Immune cells found to prevent bone marrow transplant rejection
16 July 2014
Cornell researchers have identified a type of immune system cell that prevents a patient's body from attacking donor cells after a bone marrow transplant, a condition called graft-versus-host disease (GVHD).
Such transplants are given in patients with, for example, leukemia or lymphoma or when chemotherapy destroys bone marrow.
These immune cells, called innate memory phenotype CD4+ T-cells, make a protein that suppresses the immune system from attacking newly introduced tissue.
In bone marrow transplant cases, doctors try to match the donor's and patient's tissue types, but it can be difficult to find an exact match.
As a result, patients often need immune-suppressive drugs, which have such side effects as liver and kidney damage and overall immune system deficiency.
Published in the Journal of Immunology, the research identifies conditions that regulate these special immune cells. The researchers hope the findings will lead to ways to identify and possibly boost the presence of these cells.
''This study points to a road map for clinicians trying to avoid graft-versus-host disease,'' said Avery August, professor of microbiology and immunology, and senior author of the study. Weishan Huang, a postdoctoral associate in August's lab, is the paper's lead author.

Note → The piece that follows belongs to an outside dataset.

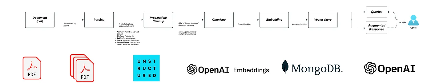 这条管道—依托Unstructured.io的解析和分块功能、PyMuPDF的文档分割、OpenAI的嵌入式模型、LangChain的NLP能力以及MongoDB的可扩展的存储—提供了一种创新的方式来管理和存储信息。结果是一个动态智能助手,能快速访问重要信息,而无需进行繁琐的手动查找。

''If these cells are present, those patients will be protected from GVHD, and if we can boost their presence, we can suppress the disease, I predict based on our mouse studies,'' August added.
The researchers are working to identify markers to distinguish these cells from other, closely related CD4+ T-cells.
They are in the process of obtaining approval to work with physicians at Weill Cornell Medical College to characterise these cells in human bone marrow transplant patients to find out if they can predict bone marrow graft acceptance or not, based on the presence of these cells.
For the study, the researchers used inbred, genetically identical mice engineered to selectively express immune system protein tags, which allowed the researchers to identify the specific cell populations.
Co-authors include researchers from Pennsylvania State University and the University of Pennsylvania. The National Institutes of Health funded the research.